In 1922, shortly after this life-size figure was modeled, it won the Academy's Saltus Medal for Merit and was exhibited in that year's annual. The replica now in the collection of Brookgreen Gardens, Murrells Inlet, South Carolina, originally stood in a dining-room niche in the Huntington home on Fifth Avenue.
"Diana" is balanced on an orb, probably a symbolic representation of her other manifestation as goddess of the Moon. In her stretching, turning, and spiraling movement, she serves well as the focal point of a garden fountain, which is her purpose at Brookgreen Gardens. At the Academy, she has almost become a symbol of the institution, and stood for many years on the ground floor in the rotunda, on a line with the front door, and fully visible from the street.

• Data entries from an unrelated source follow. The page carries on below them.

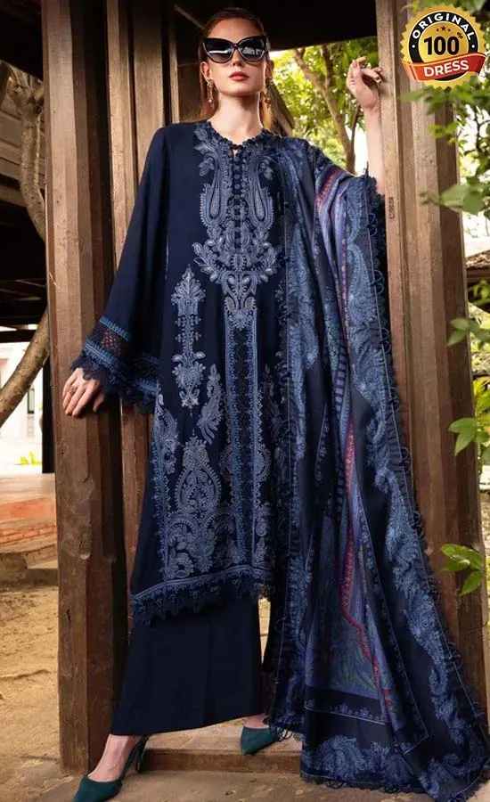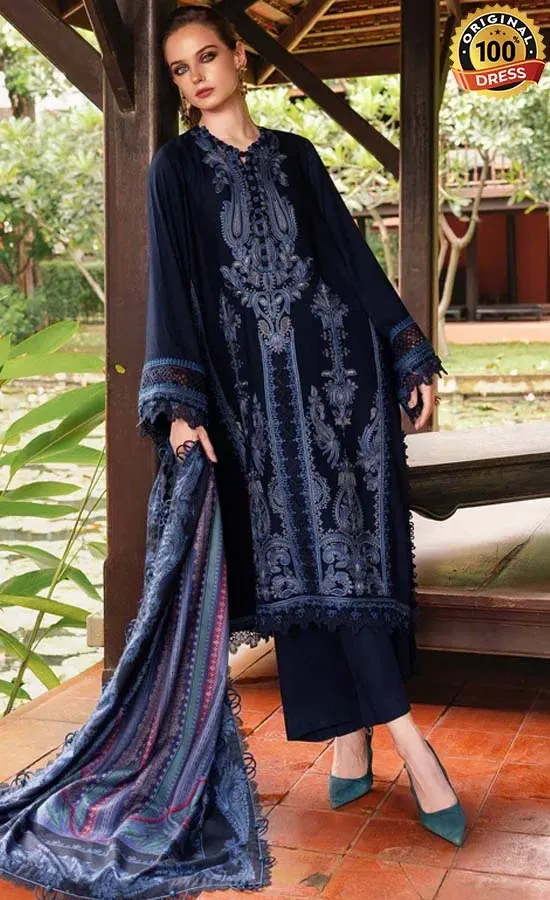 Buy Maria B Embroidered Twill Linen MPT-2803-B Dress Now!
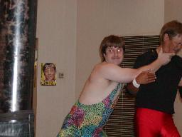 I AM MORIが入場すると、I AM CODYが突然襲撃(右写真)。CODYマイク取って「何だよこれ?I AM MORIって誰だ?足立出て来い!」とか主張する。足立出てくる。「MORIと試合したいの?じゃ、CODYを長瀬館長の方に入れて3vs2に。俺の独断で変更する。」
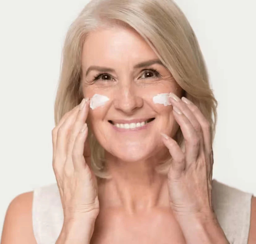Mature women have 50% less sebum production, creating this frustrating paradox: dehydrated skin that feels tight on the cheeks, but still shines on the forehead and nose.
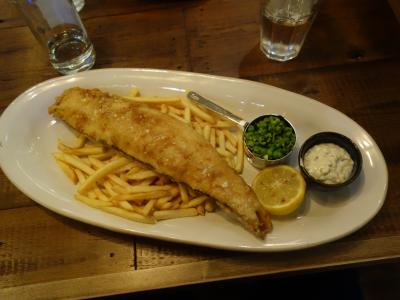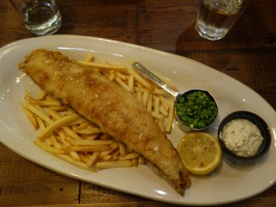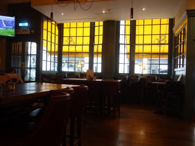 オックスフォード・ストリートに近いので、もうすこし高級なレストランかと予想したのですが、意外と庶民的なお店でした。どちらかというと、スポーツ・バー的な雰囲気のお店です。おおきなテレビ画面がいくつも店内にあって、サッカーを放映していました。ちょっと立ち寄って、ビールだけ立ち飲みして、すぐに出て行く若いお客さんもおました。料理の味は、まあ、普通です。おいしくいただけました。

Although this cast has no visible founder's mark, the one at Brookgreen bears the stamp of the Kunst Foundry, New York, and it may be assumed that most, if not all, of the replicas were cast there. In addition to the casts at the Academy and Brookgreen Gardens, replicas are held by: the Fogg Art Museum, Harvard University Art Museums, Cambridge, Massachusetts; Syracuse University, Syracuse, New York; the University of Texas, Austin; Jardin des Lices, Blois, France; Washington County Museum of Fine Arts, Hagerstown, Maryland; Palacio de Bellas Artes, Havana, Cuba; Northwestern University, Evanston, Illinois; New-York Historical Society; Audubon Park, New Orleans, Louisiana; Ueno Park, Tokyo; University City, Jardin Fuente de Diana, Madrid.